The consensus is that Brazilian legislation on foreign adoptions is adequate in halting traffic in children and their commercialization. Would-be adoptive parents are accompanied by authorities while they are in Brazil, for example.
International adoptions are regulated by the Hague Convention. The process in Brazil takes around a year. After receiving a child, foreign parents must make annual reports for four years.
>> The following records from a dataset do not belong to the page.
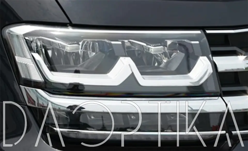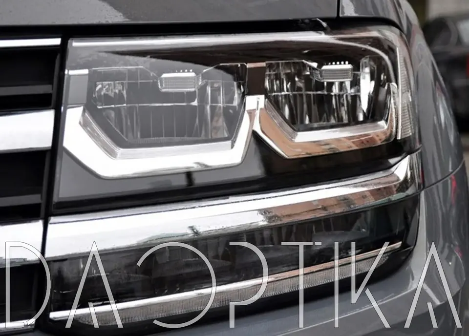 Стекло правой фары из оптического поликарбоната с защитным лаком для замены оригинального стекола фары на Volkswagen Teramont 2017-2022 1 поколение
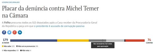 O “placar” da Folha, que diz ter conversado com todos os deputados, é fortemente favorável a Temer. A oposição só tem 179 votos, no momento, dos 342 necessários para autorizar uma investigação contra o presidente, obrigando-o a se afastar.
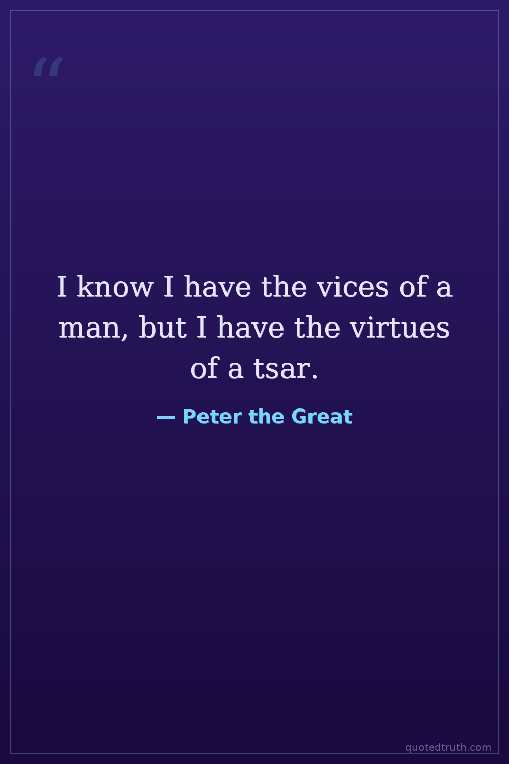 I know I have the vices of a man, but I have the virtues of a tsar.
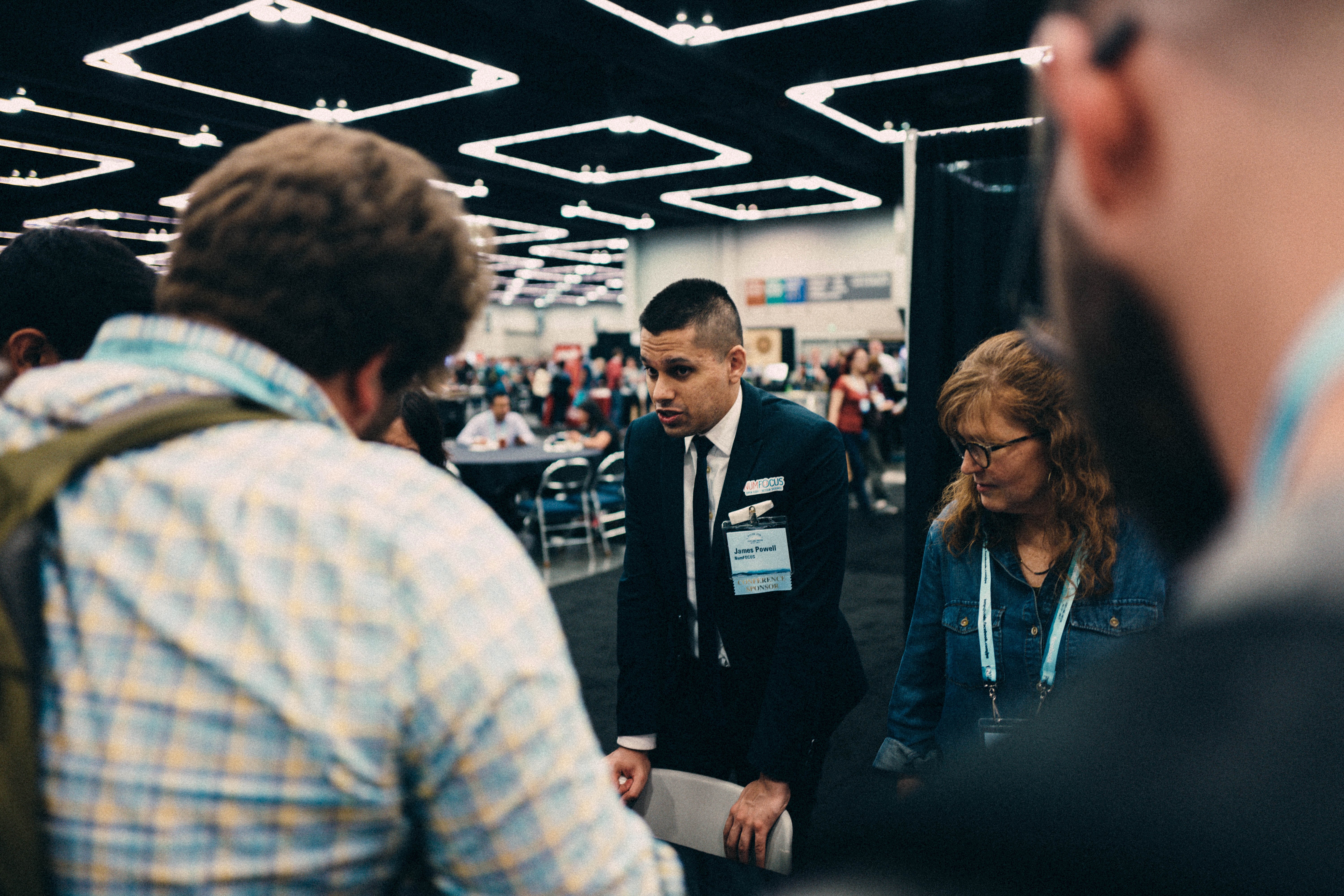 In this bustling conference scene, a well-dressed man in a suit interacts earnestly with a small group surrounding him. The dim lighting contrasts with the bright overhead fixtures, creating a focused yet dynamic atmosphere, as attendees engage deeply in conversation amidst the vibrant background of people and booths. The mood is one of collaboration and professional curiosity, highlighting the energy of collective ideas.

The child obtains dual citizenship – the country where his parents take him and Brazilian citizenship.
The deputy secretary for Human Rights, Mario Mamede, reports that in general children adopted by foreign couples are older – the average age is four.
Two years ago, judge Siro Darlan, of the First Children’s and Juvenile Court of Rio de Janeiro, regarded as positive the authorization of four Italian civil entities to be installed in Brazil to act as coordinators in the adoption of Brazilian children by foreign couples.
“In Brazil, these children are rejected by the family and also by society,” Darlan observed.
Siro Darlan informed that children from 0 to 18 may be adopted, but, in general, only children older than 5 or those with health problems are made available for adoption by foreigners.
According to the judge, the reason is that, in Brazil, children in this age group and sick children are practically never adopted. “Couples generally only adopt infants with specific characteristics which are not very easy to find.”
The judge added that he himself has verified that “Italians respect adopted children and treat them with great affection.”